Лицо Фрэда было мокрым от слез. Тем временем небо очистилось от туч и показалась луна.
Воздух неожиданно сделался иным — чище, свежее, бодрее. Фрэд обнял Джонсона и ввел его по ступенькам в дом. Зрелище блудного сына, окружавшего отцовской заботой собственного отца, было грустным и трогательным. У Джонсона надежд больше не было, но у Фрэда еще оставался шанс. Лэкнер согласился со мной. Прежде чем он уехал на своей «тойоте», я передал ему отнятый у Джонсона револьвер.
Фрэд не запер входную дверь. Вскоре из дома вышла миссис Джонсон и присела на ступеньку. Движения у нее были неуверенные, как у заблудившегося животного. Падавший с неба лунный свет серебрил ее халат.

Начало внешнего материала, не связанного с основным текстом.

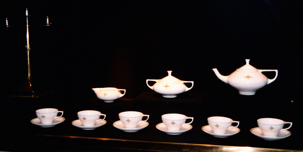 This is a cup and saucer. It was designed by Christian Johannes van der Hoef and manufactured by Amphora Factory. It is dated ca. 1908 and we acquired it in 1994. Its medium is earthenware. It is a part of the Product Design and Decorative Arts department.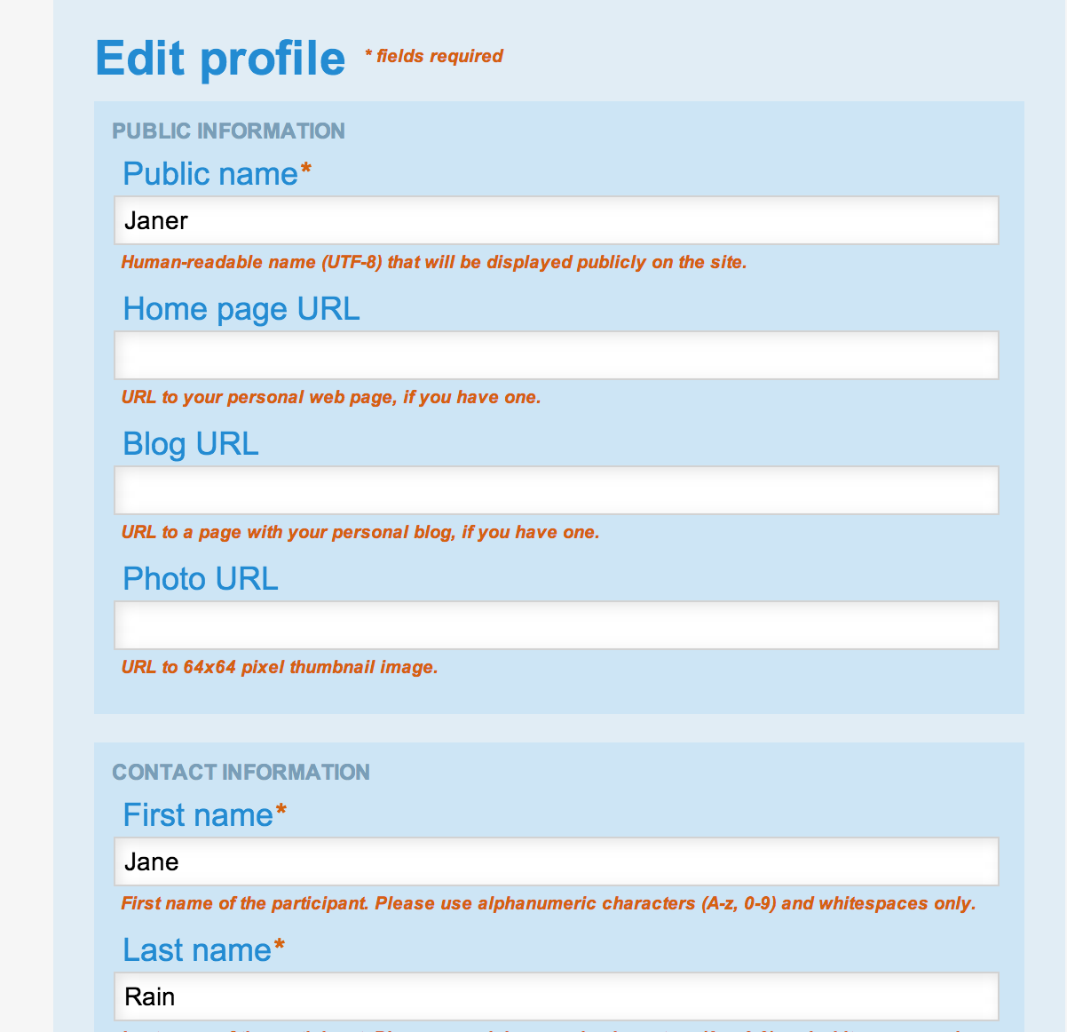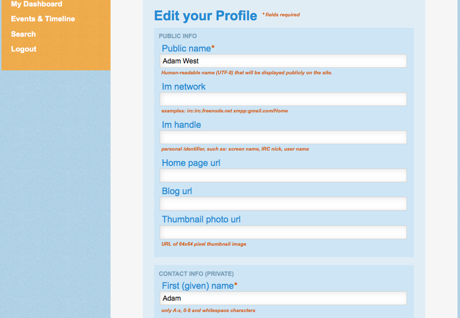 Make sure that your Public Name is professional and consistent with the name or handle you use within your project. For example, if your name is Bill Chow and you go by "bchow" on your project mailing list, you might choose "Bill_Chow" or "bchow" as your "Public Name". Please do not choose a Public Name that is potentially offensive, such as "jacktheripper".
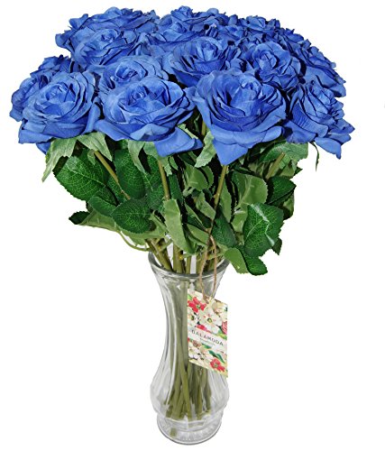 DALAMODA 12 Pcs Artificial Rose Flowers Artificial Silk Flowers Home Decorations for Wedding Party or Birthday Garden Bridal Bouquet Flower Saint Valentine's Day Gifts Party Event (Blue)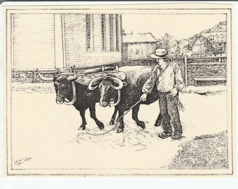 Yoked pair of oxen-This 6-pack of blank, ivory notecards w env features an ink drawing of a pair of oxen at the Cooperstown Farmers' Museum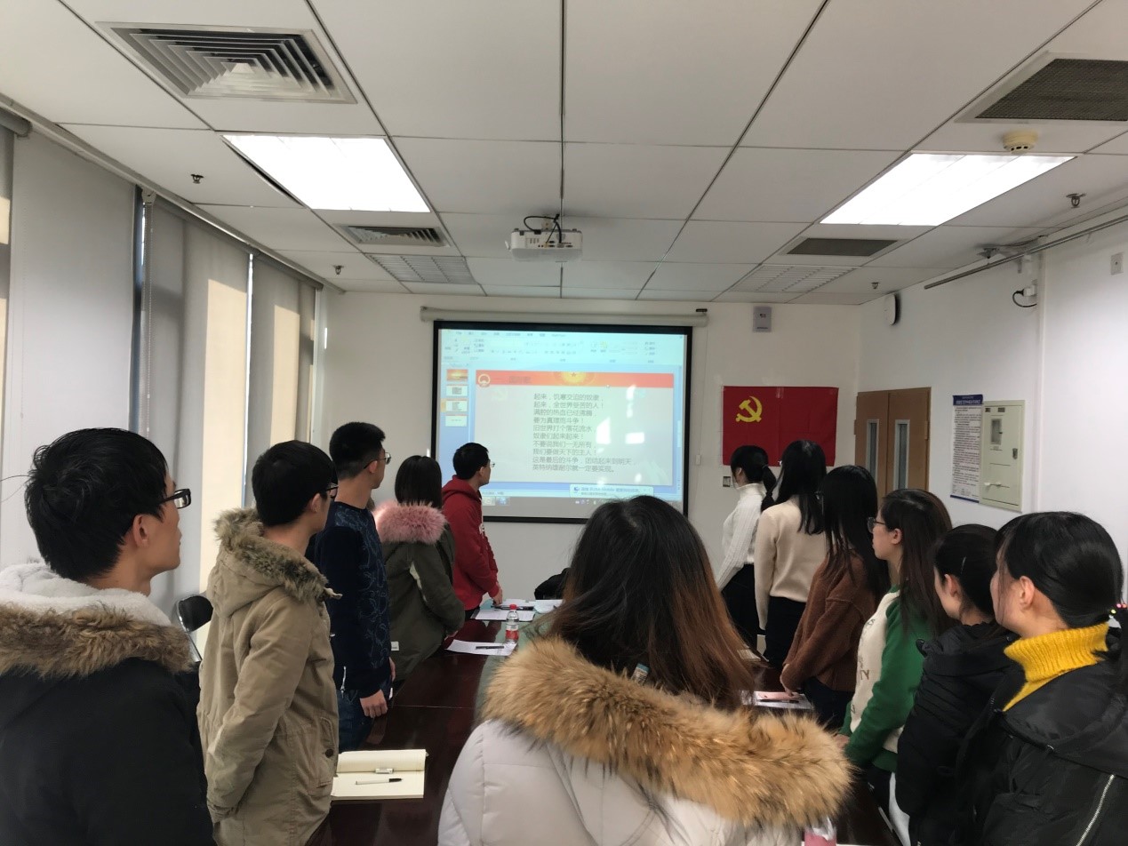 大会第一项,按照惯例,全体支部成员由党支书路尧带领唱国际歌,大家声音洪亮,情感饱满,在悠扬而激昂的旋律中感受共产主义理想的崇高与伟大。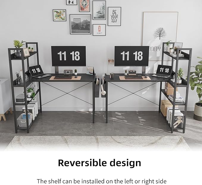 Treesland 55 Inch Computer Desk with Storage Shelves, L Shaped Desk with Storage, Corner Desk with Storage, Home Office Desks, Bookshelf Desk, Writing Study Desk for Bedroom, Black

— Я хочу извиниться перед вами.
— За что?
— За все это. — Она неловко протянула руку в сторону, будто отталкивала или, наоборот, притягивала что-то к себе. Ее жест, казалось, обнимал высокий дом с его обитателями и всем содержимым, соседей, улицу, темные оливковые деревья, их еще более темные тени и луну, заливавшую все холодным светом.
— Вам не за что просить прощения, — сказал я. — Свою профессию я избрал добровольно, или она избрала меня. Мне приходится часто сталкиваться с человеческим горем, но я не ищу другой работы.
— Я понимаю, что вы хотите сказать. Я медсестра. Завтра могу оказаться безработной. Когда Фрэда выпустили, мне просто необходимо было быть дома, и я самовольно ушла с работы. Самое время вернуться обратно.
— Могу я вас подвезти?
Она окинула меня подозрительным взглядом, как будто побаивалась, не начну ли я к ней приставать, несмотря на ее возраст и толщину.
— Это очень мило с вашей стороны, — решилась она наконец. — Фрэд оставил наш автомобиль где-то в Аризоне. Не знаю, стоит ли заботиться о том, чтобы пригнать его обратно.
Прежде чем сесть самому, я открыл ей дверцу. Она отреагировала так, словно давно отвыкла от подобного.
— Я хочу задать вам один вопрос, — сказал я, когда мы оба уселись в машину. — Вы не обязаны отвечать. Но если вы это сделаете, обещаю никому не говорить того, что услышу.
Она беспокойно заерзала на сиденье и повернула ко мне лицо:
— Кто-то уже успел меня оговорить?
— Вы ничего не хотите сказать относительно тех наркотиков, которые взяли в больнице?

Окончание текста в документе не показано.